## Task details
Could you transcribe exactly the lines below, from the line with "外江管理处各支渠水位、流量日报表(2022年5月24日8时)" through the line with "アプリコットツイルスカート レディース 春秋", and nothing else, leaving out the pictures?

## Extracted data
----------------------------------------

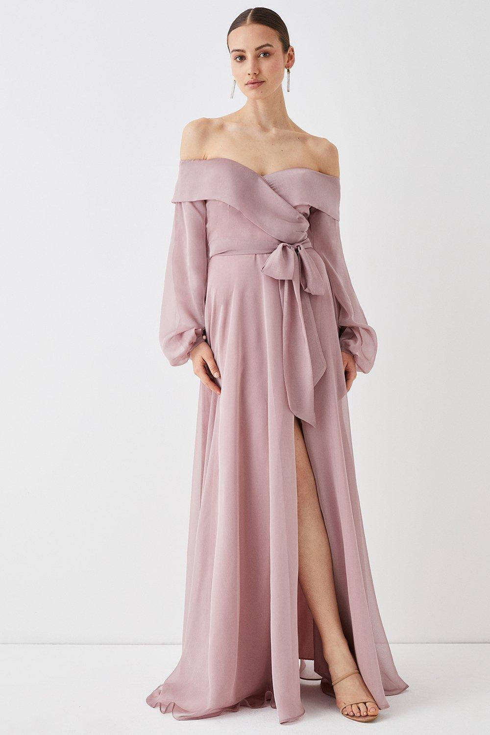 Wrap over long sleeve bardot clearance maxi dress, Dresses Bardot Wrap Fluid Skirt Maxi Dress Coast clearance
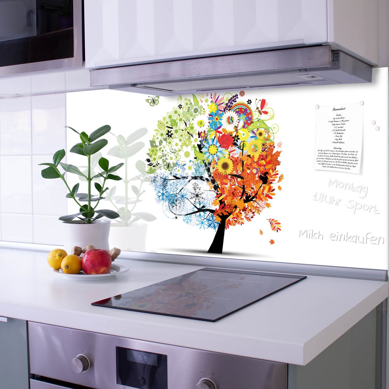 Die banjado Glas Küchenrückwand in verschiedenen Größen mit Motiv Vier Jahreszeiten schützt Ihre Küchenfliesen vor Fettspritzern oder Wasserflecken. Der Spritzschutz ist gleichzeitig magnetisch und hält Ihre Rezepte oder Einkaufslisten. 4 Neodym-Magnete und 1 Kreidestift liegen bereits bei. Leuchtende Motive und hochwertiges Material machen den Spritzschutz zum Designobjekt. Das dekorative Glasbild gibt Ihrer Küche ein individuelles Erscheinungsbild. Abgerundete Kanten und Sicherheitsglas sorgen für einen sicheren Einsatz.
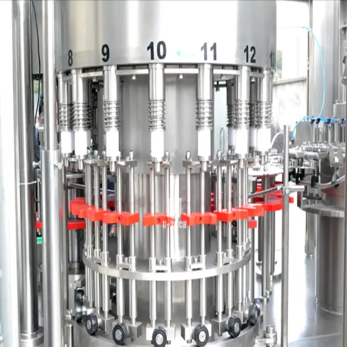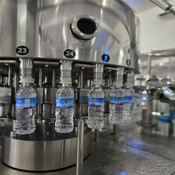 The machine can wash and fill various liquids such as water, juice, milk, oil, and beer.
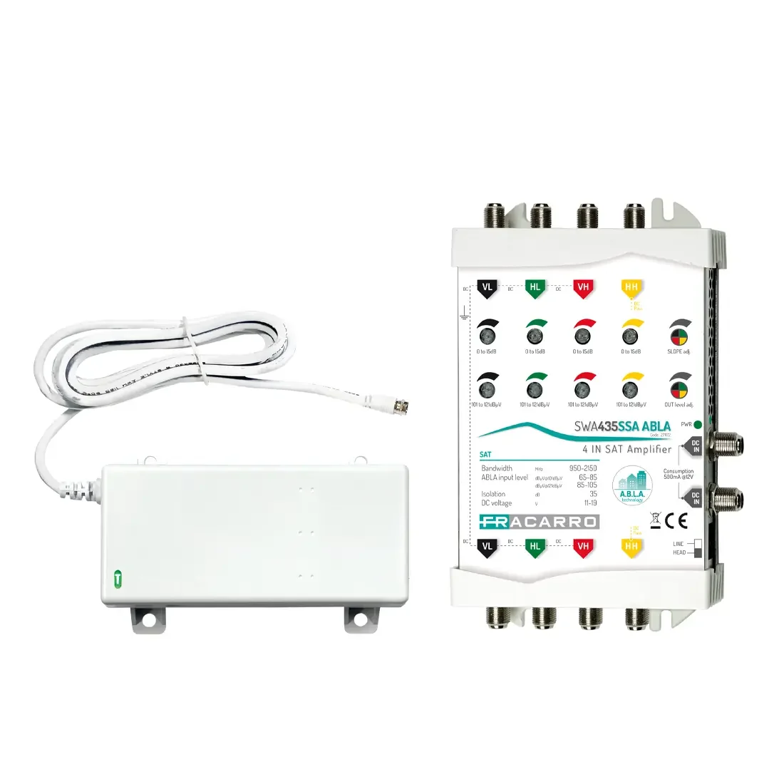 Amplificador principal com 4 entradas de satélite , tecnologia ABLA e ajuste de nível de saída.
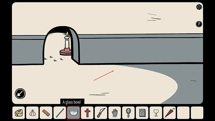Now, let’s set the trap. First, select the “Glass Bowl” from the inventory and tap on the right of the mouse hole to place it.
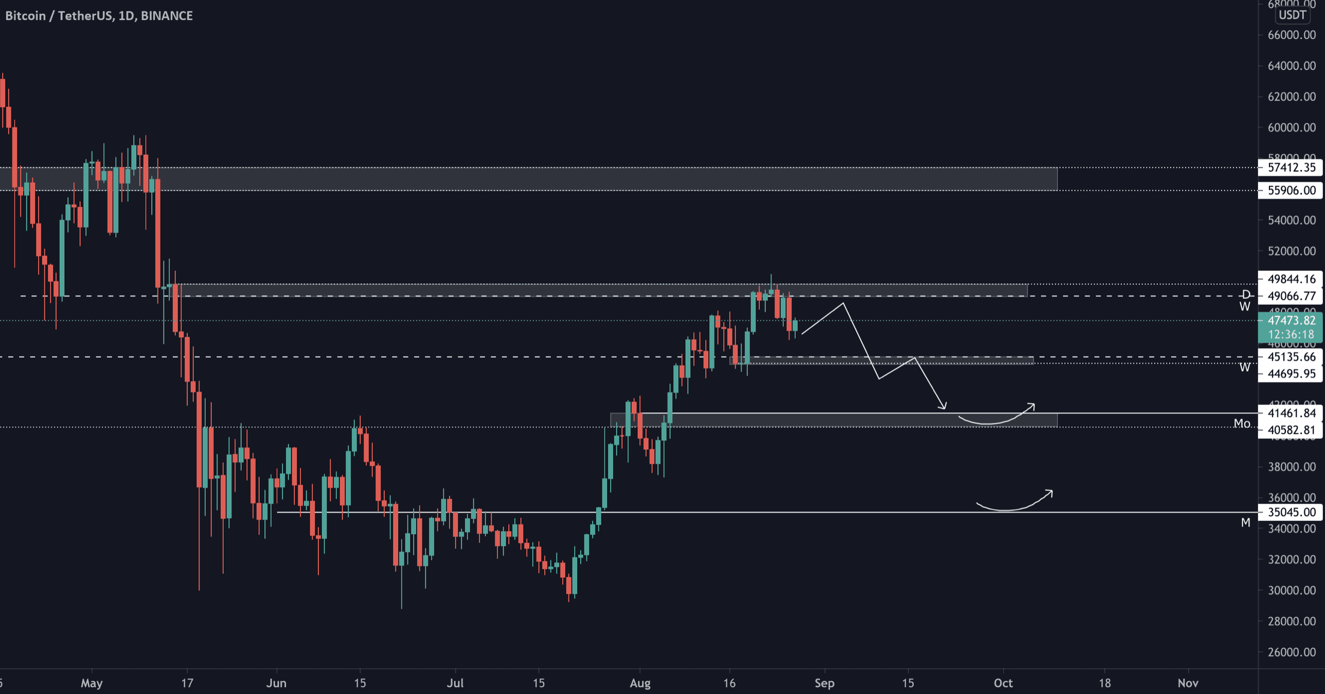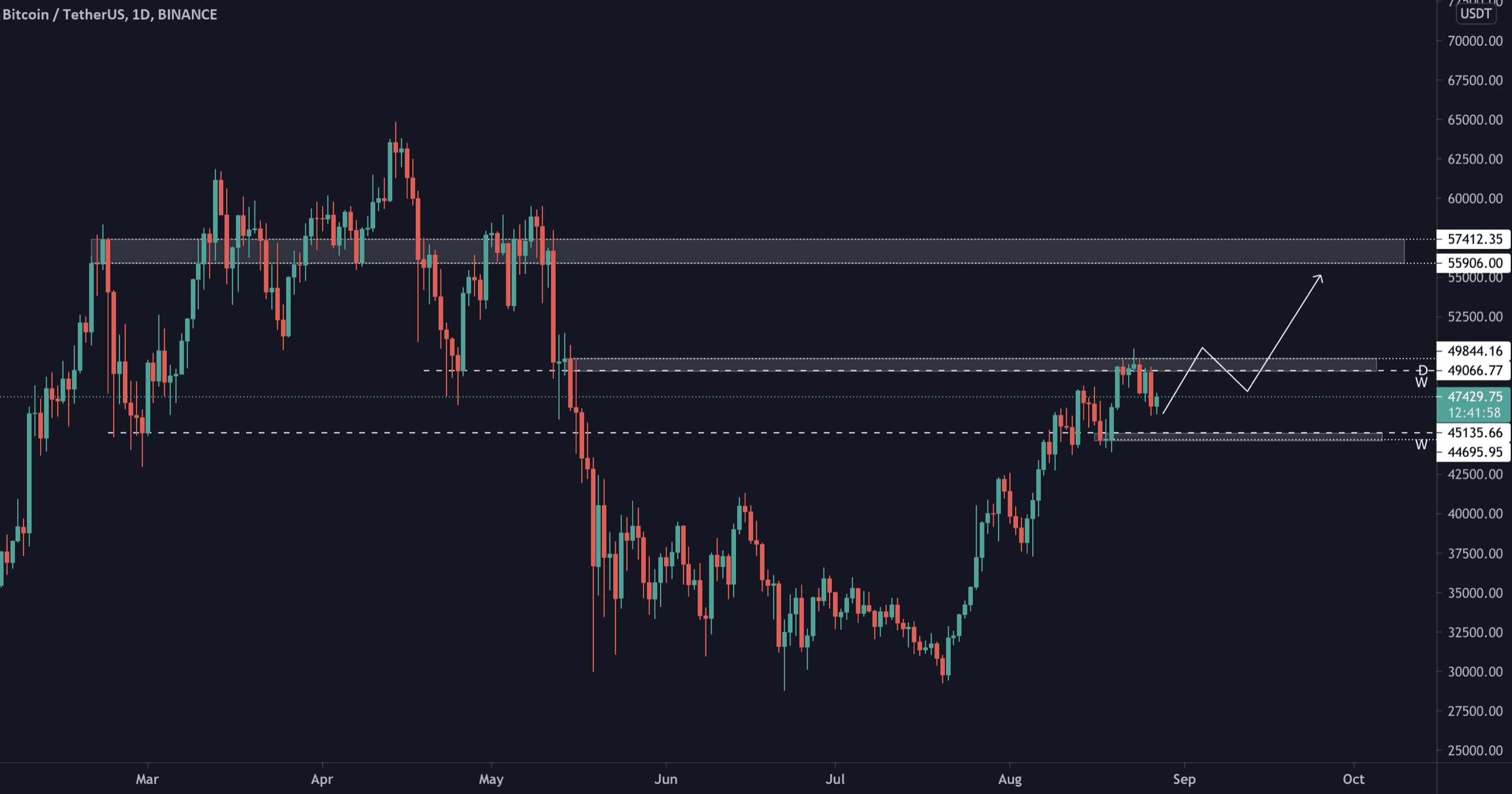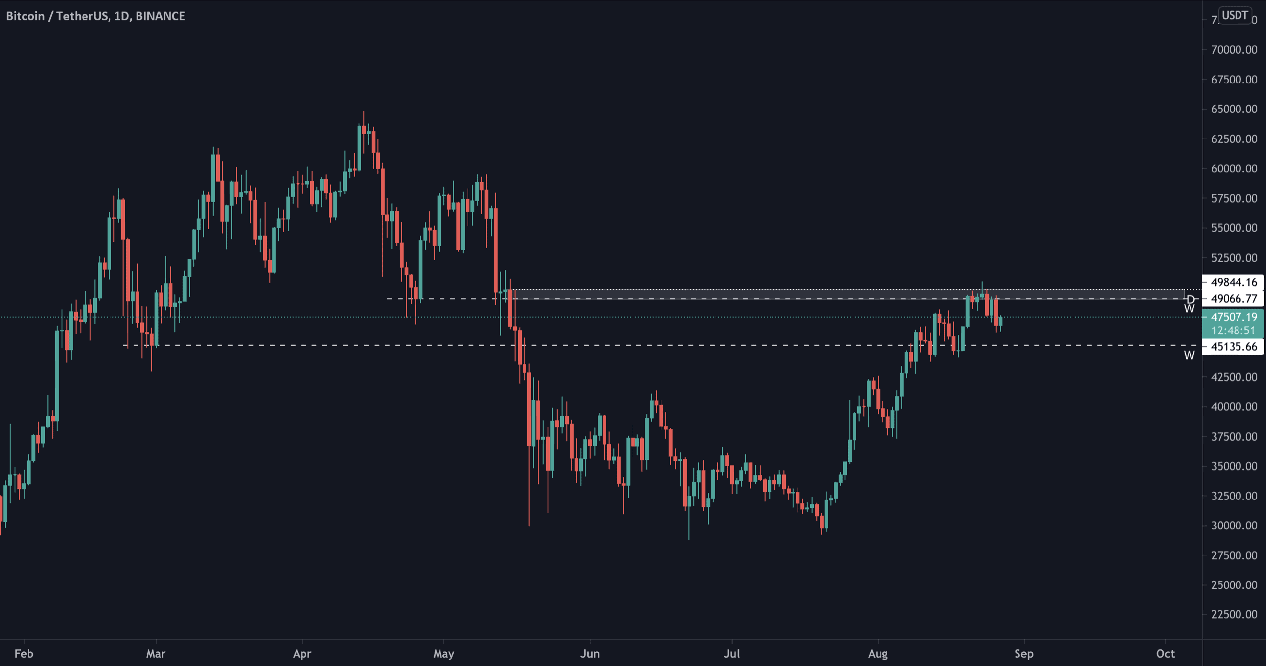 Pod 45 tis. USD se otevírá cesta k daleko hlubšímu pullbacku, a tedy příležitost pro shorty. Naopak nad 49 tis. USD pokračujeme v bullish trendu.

----------------------------------------

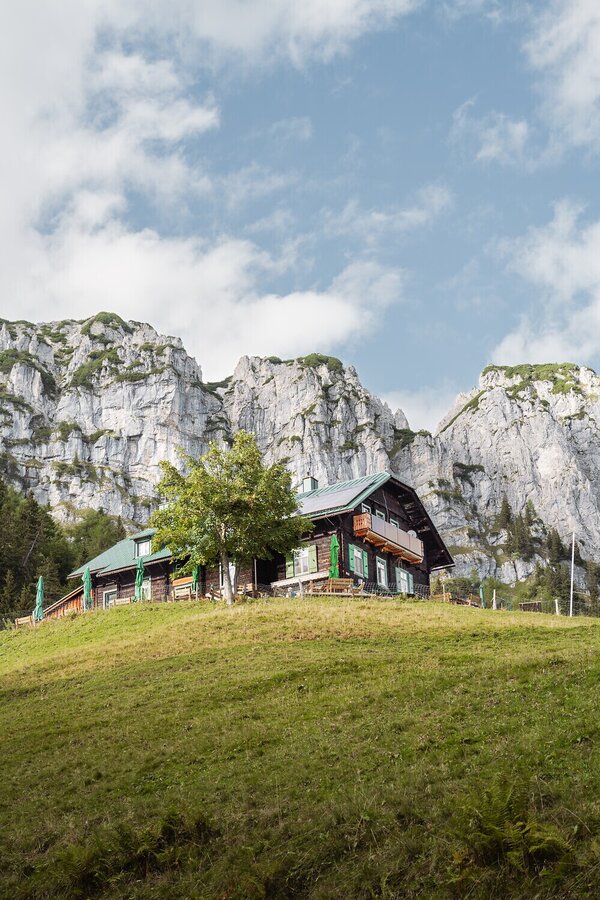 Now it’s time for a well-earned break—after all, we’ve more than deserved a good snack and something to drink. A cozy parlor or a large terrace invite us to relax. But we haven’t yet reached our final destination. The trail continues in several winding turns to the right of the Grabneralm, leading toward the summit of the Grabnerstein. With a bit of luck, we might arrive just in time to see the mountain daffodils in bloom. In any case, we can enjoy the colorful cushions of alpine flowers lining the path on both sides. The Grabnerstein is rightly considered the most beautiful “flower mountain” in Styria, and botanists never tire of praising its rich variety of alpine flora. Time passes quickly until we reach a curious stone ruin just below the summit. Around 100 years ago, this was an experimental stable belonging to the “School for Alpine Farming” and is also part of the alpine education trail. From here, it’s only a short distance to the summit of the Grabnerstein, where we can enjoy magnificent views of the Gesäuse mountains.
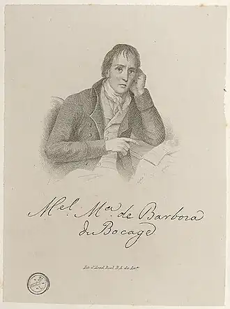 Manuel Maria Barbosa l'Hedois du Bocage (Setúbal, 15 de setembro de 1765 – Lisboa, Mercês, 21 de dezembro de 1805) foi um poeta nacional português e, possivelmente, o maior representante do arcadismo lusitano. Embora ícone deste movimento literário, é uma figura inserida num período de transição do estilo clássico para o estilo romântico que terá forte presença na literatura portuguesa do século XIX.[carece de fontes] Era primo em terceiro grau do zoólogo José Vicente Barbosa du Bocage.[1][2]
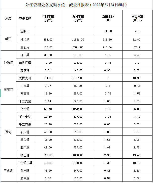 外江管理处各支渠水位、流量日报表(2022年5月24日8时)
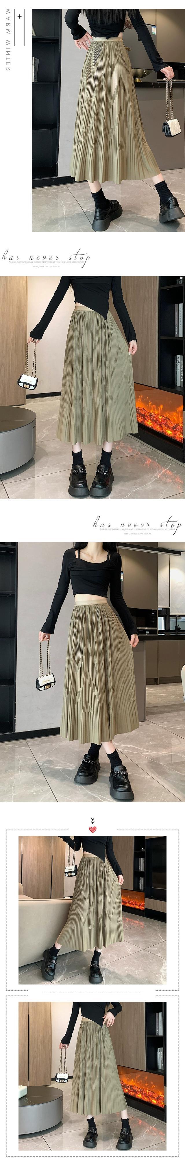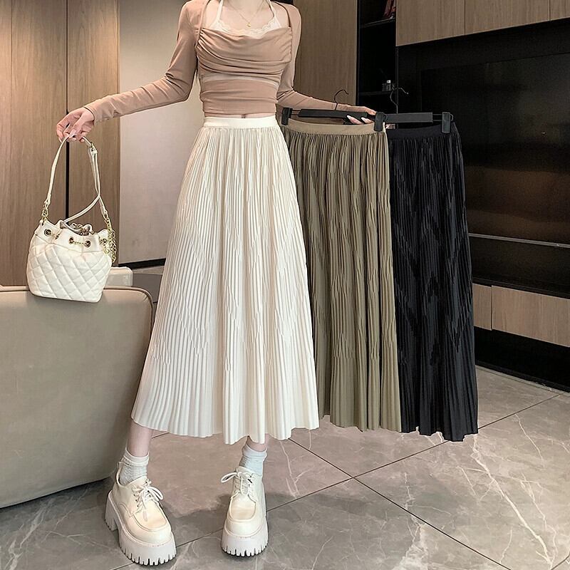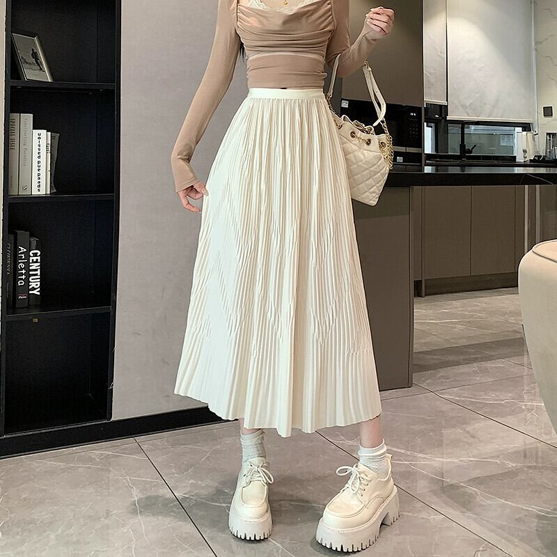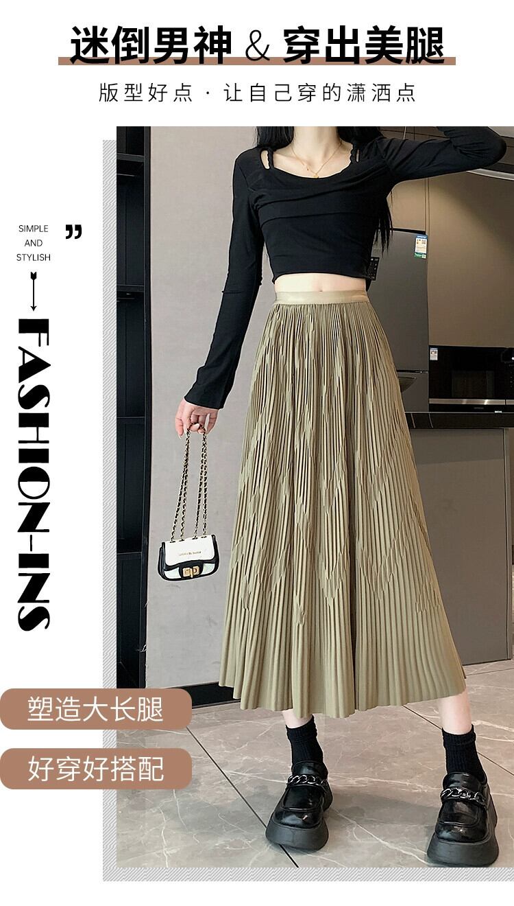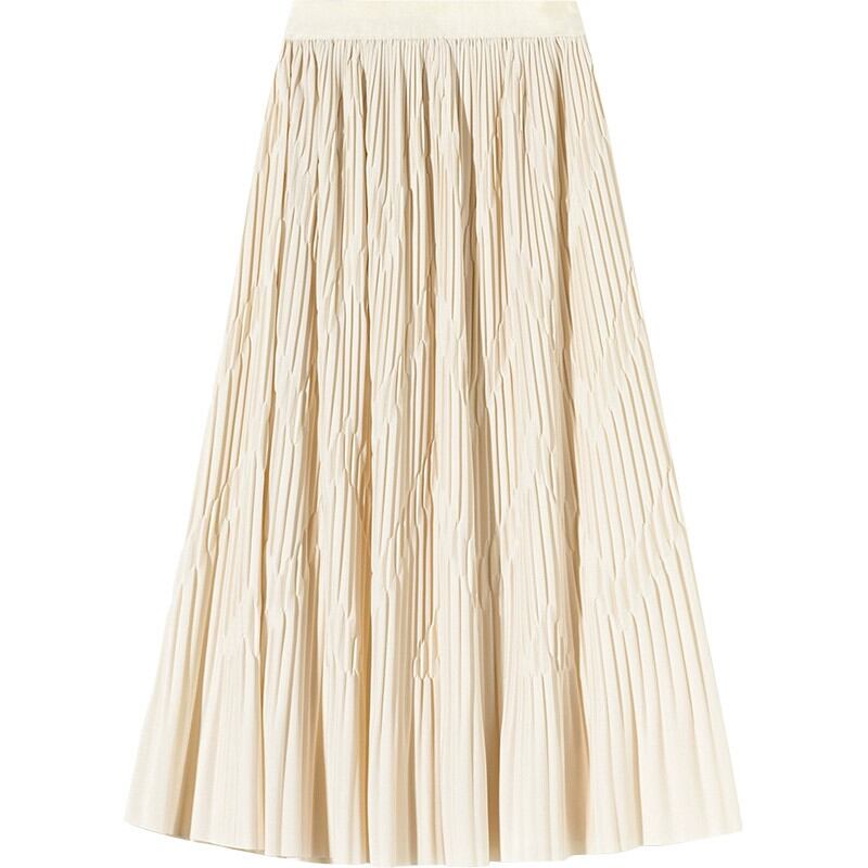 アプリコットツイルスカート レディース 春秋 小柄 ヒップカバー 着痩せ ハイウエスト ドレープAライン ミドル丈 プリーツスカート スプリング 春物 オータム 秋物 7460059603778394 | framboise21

----------------------------------------

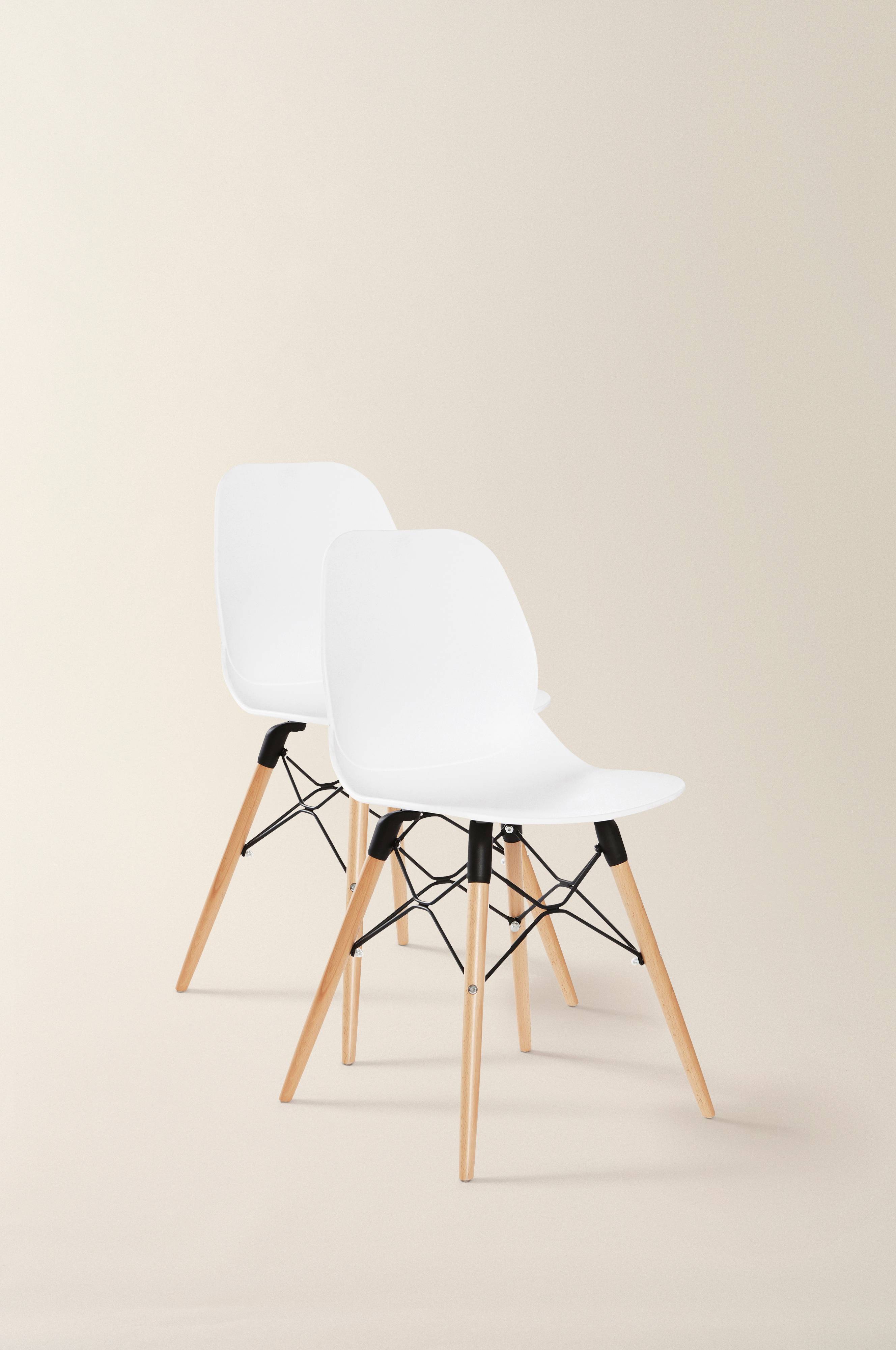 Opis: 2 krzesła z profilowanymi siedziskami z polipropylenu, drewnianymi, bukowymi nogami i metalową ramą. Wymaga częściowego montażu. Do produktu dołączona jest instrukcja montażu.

----------------------------------------

## Solution to this exercise
 外江管理处各支渠水位、流量日报表(2022年5月24日8时)
 アプリコットツイルスカート レディース 春秋 小柄 ヒップカバー 着痩せ ハイウエスト ドレープAライン ミドル丈 プリーツスカート スプリング 春物 オータム 秋物 7460059603778394 | framboise21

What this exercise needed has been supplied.